Looking around, she hoped that her outburst hadn't woken her mother, and as her sight drifted past the window, she caught a glimpse of something that caused her to rapidly blink the sleep out of her eyes. "Hello," she said, tiredly.

"Mind if I come in?" Angel asked, from where he sat casually, letting his feet dangle outside.

HR.

"Well, how awkward was it?" Xander asked, as he and Willow met up with Ranko at the latter's locker.

"Sorry, what he meant was 'Hello, Ranko,'" Willow said, nudging her best friend in the ribs.

The martial artist nodded, pulling her biology book out of her locker and stuffing it into the book bag she'd been bought before she started school. She'd asked why she couldn't use her pack, but her mother had rather firmly vetoed that suggestion. "Hey," she returned, slamming the door. "I thought you guys were juniors, why are you here?"

"Gee, and I thought Xander was being too blunt," Willow muttered to herself, and then spoke more loudly. "We thought you could use some help around the school, and besides, we're going to be working with you, so..." She shrugged.

"Plus," Xander laughed. "We don't need to worry about losing any 'cred' for hanging around with younger students."

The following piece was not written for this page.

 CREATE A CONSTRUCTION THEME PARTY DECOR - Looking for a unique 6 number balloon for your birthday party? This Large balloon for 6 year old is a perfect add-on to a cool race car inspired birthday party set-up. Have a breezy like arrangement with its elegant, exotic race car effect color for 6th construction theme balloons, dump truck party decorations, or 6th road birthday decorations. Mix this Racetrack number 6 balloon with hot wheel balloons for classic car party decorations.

"You do realize I'm almost eighteen, right?" Ranko returned, deadpan, rather irritated, as always, about her height. "So, where's your blonde friend?"

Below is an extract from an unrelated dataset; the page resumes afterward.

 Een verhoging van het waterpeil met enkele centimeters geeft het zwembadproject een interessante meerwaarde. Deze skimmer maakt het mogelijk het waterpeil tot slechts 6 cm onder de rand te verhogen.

"Buffy? She's, um..." Willow said, and then shook her head. "We haven't seen her yet this morning."

"Yeah, more like she's avoiding us," Xander returned, as the three began to head towards their classrooms, staying together for the time being.

"So, like I asked before, how'd it go at home?" Xander continued, actually kind of worried due to the fact that he'd apparently accidentally made a girl come out of the closet to her mother.

"Dunno," Ranko admitted. "Mom was real quiet for a while, but this morning she was acting, well, it was kinda creepy how cheerful she was bein. I figure she's got something planned, or at least that was usually why Pop was that happy."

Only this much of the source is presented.